Further to the completion of the 2023 Periodic Review of Westminster constituencies, the seat was abolished. The area was transferred to the new constituencies of Earley and Woodley (Bulmershe and Whitegates, Church, Loddon and South Lake wards) and Reading Central (all other wards). These constituencies were first contested at the 2024 general election.

== Constituency profile ==
The seat contained the University of Reading and most of its students. The Thames Valley Business Park is in another part of the seat, hosting multinational and cutting-edge technology companies in the software and advanced computer science areas. Adjoining the redeveloped heart of town are a handful mid-rise blocks of ex-council flats and serried ranks of former relatively philanthropic biscuit, brick and seeds manufacturing/processing workers' neat terraces towards the south-centre and east of the town, including firmly Labour-held wards. The suburban north bank of the Thames section takes in Caversham, forming four wards, whilst Earley and Woodley, adding a further three wards, make up strongly leaning Conservative wards. Intermediate wards such as Redlands and Park are more marginal including Green Party and Liberal Democrat representation.

==History ==
The Reading East parliamentary constituency was first contested in 1983, when it was won by a partial incumbent, Gerry Vaughan, a Conservative who was before that election sitting MP for abolished Reading South. He held the seat through two general elections until he retired before the 1997 election. The constituency was won in 1997 by the Labour Party's Jane Griffiths, thus a backbencher under the Blair Ministry. She retained the seat in the 2001 election but was deselected by her Constituency Labour Party before the 2005 election, when the seat was won by the Tory candidate, Rob Wilson, who held the seat through two elections. Until 2005 the seat had been a national bellwether.
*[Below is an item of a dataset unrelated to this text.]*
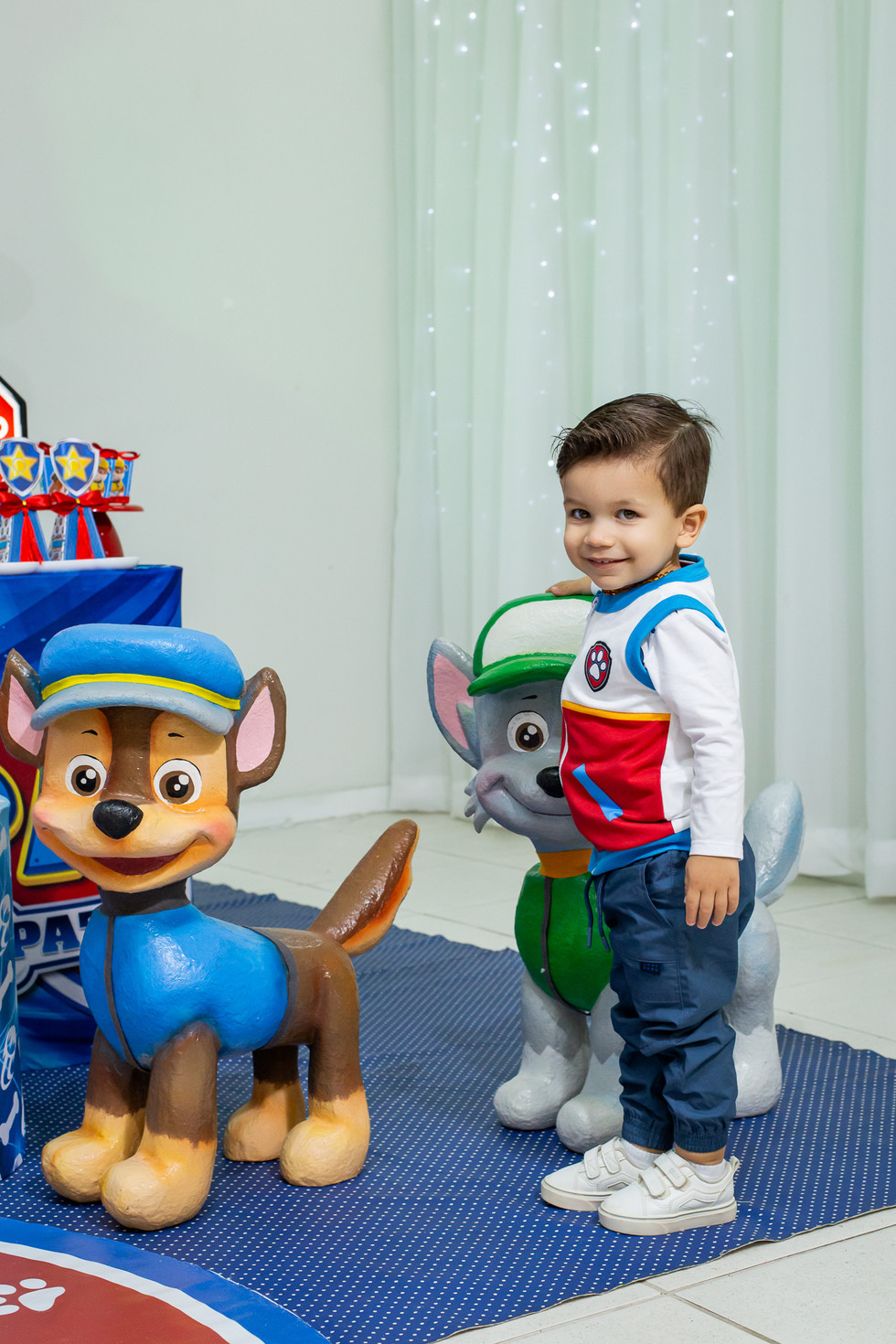 A decoração, assinada pela talentosa Larissa, da Raposo Festas, transportou todos para o universo animado da Patrulha, com detalhes que fizeram cada cantinho da festa se transformar em uma verdadeira missão de diversão.

Graph of election results for Reading East, 1983-2017

The seat was regained by the Labour Party's candidate in 2017, Matt Rodda, achieving the party's best showing since the seat's creation. Rodda's 2017 win was one of 30 net gains of the Labour Party. The 2017 result came when there was a hung parliament nationally. Reading East was one of five constituencies, the others being Croydon Central, Enfield Southgate, Leeds North West and Peterborough, which elected Labour MPs in 2017 having not done so since 2001.

At the 2019 general election, the seat was retained by Rodda with an increased majority, achieving a swing to Labour of 1.9%, and bucking the national trend which saw an overall swing to the Conservatives of 4.6%.
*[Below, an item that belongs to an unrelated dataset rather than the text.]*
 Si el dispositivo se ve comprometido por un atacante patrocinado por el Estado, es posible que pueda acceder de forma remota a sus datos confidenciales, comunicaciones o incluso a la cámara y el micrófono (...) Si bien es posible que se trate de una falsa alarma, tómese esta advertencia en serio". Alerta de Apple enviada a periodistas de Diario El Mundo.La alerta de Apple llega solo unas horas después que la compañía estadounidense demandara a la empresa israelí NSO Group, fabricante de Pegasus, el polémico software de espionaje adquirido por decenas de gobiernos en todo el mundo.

The seat has been, relative to others, a semi-marginal seat, and major-swing (volatile) seat since 2010. Its winner's majority has not exceeded 12.9% of the vote since the 15.2% majority won in that year. The seat has changed hands once since 2010.
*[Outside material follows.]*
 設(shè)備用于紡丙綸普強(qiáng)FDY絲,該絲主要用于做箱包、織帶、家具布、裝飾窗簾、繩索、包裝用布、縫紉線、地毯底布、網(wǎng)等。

== Boundaries and boundary changes ==

=== 1983–1997 ===

- The Borough of Reading wards of Abbey, Caversham, Church, Park, Peppard, Redlands, Thames, and Whitley; and
- The District of Wokingham wards of Arborfield, Barkham, Finchampstead, Shinfield, and Swallowfield.

Formed as a county constituency, largely from parts of the abolished constituency of Reading South. It also incorporated parts of the abolished constituency of Reading North, including Caversham.

=== 1997–2010 ===

- The Borough of Reading wards of Abbey, Caversham, Church, Katesgrove, Park, Peppard, Redlands, and Thames;and
- The District of Wokingham wards of Bulmershe, Loddon, South Lake, and Whitegates.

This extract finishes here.